とりあえず、会えなくても行ってみようと、妹を誘って、美土里町まで行ってみることにしました。
美土里町は 安芸高田市から車で約20分くらい走ったところにある、山間の小さな町で、限りなく島根県堺へ近いところです。
なだらかな山に囲まれた、緑が美しい町。
楽々苑は、静かで落ち着いた場所に建てられた コの字型の平屋の建物でした。
建物の入り口まで、ホームのお世話をしてくださっているカワノブさんが出てこられ、そこでお話をしました。
カワノブさんは65歳を過ぎた 小柄な女性です。
しかし、体は筋肉質でがっちりしておられます。
看護師を引退された後、誰かのお役に立てればと思い、グループホームのスタッフになられたそうです。

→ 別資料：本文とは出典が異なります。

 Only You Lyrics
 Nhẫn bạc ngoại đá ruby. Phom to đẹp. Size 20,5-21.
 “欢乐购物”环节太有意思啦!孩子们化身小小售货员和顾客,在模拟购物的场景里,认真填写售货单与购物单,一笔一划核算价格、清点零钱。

ステキなのは その声で、まるで女子プロレスラーの北斗晶さんみたいです。
北斗さんを ぐっと縮めた感じで、優しくて、強そうです。
ミニ北斗さんではなくて、カワノブさんが言われることには・・・
面会お断りの 本当の理由
「今日面会できないのは、コロナのせいじゃなくて、あなたのお父さんの 『家に帰りたい病』が発病するかもしれないからです」
「家に帰りたい病が発病したら、そのあとが大変なんですよ。
外に出て歩き回ったり、落ち着かせるために精神安定剤を飲ませることになったり、お父さんも職員も 平静に戻るまでに、すごい労力を使うのですよ。」と言われました。
入所して一ヶ月という時期は 非常に微妙な時期で、入所者は施設に慣れつつあるけど、何か一つのきっかけで、また入所時の状態に逆戻りしてしまうかもしれない可能性をはらんでいるということでした。
さらに、数日前の 父の様子を話してくださいました。
つい先日、雨のひどかった日に、安芸高田市の政治に関するTVのニュースを見て、父がひどく興奮したのだそうです。

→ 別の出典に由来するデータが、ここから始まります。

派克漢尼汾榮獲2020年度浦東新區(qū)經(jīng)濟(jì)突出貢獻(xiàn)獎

古くからの友人である市会議員さんを助けるために、家に帰ると言い張り、誰がなだめても興奮が収まらなかったということです。
安芸高田市では いまだに河合議員の選挙違反に関わった人たちの問題が片付いていません。
雨の中を、家に帰ると言って、ひたすら歩き回る父に カワノブさんは傘をさしかけて、小一時間、いっしょに外を歩いてくださったとのこと。
疲れて足が止まったところで、施設に電話して車で迎えに来てもらったのですよ。という話を聞いて、ただただ頭が下がりました。
「今はまだ会わないで、そっとしておいてほしい。」
その言葉は、カワノブさんの心の底から出た言葉でした。
お会いした直後から ずっと気になっていたのですが、カワノブさんの腕には 生々しい傷がありました。
左腕に えぐられたような跡があるのです。
会話の途切れた間合いで、どうされたのですか?とお聞きしたら、昨日、入所したおばあさんに引っかかれたということでした。
皮膚を破り、身に食い込むような、かなり深い傷でした。
家に帰りたい病にかかっている人は、渾身の力で抵抗されることがあるそうです。
このようなことは、決して珍しいことではないと おっしゃっていました。
腕を引くと、もっと傷が広がるから しばらくそのままにしておいたのよと軽く流しておられましたが、カワノブさんを拝みたいような気持になりました。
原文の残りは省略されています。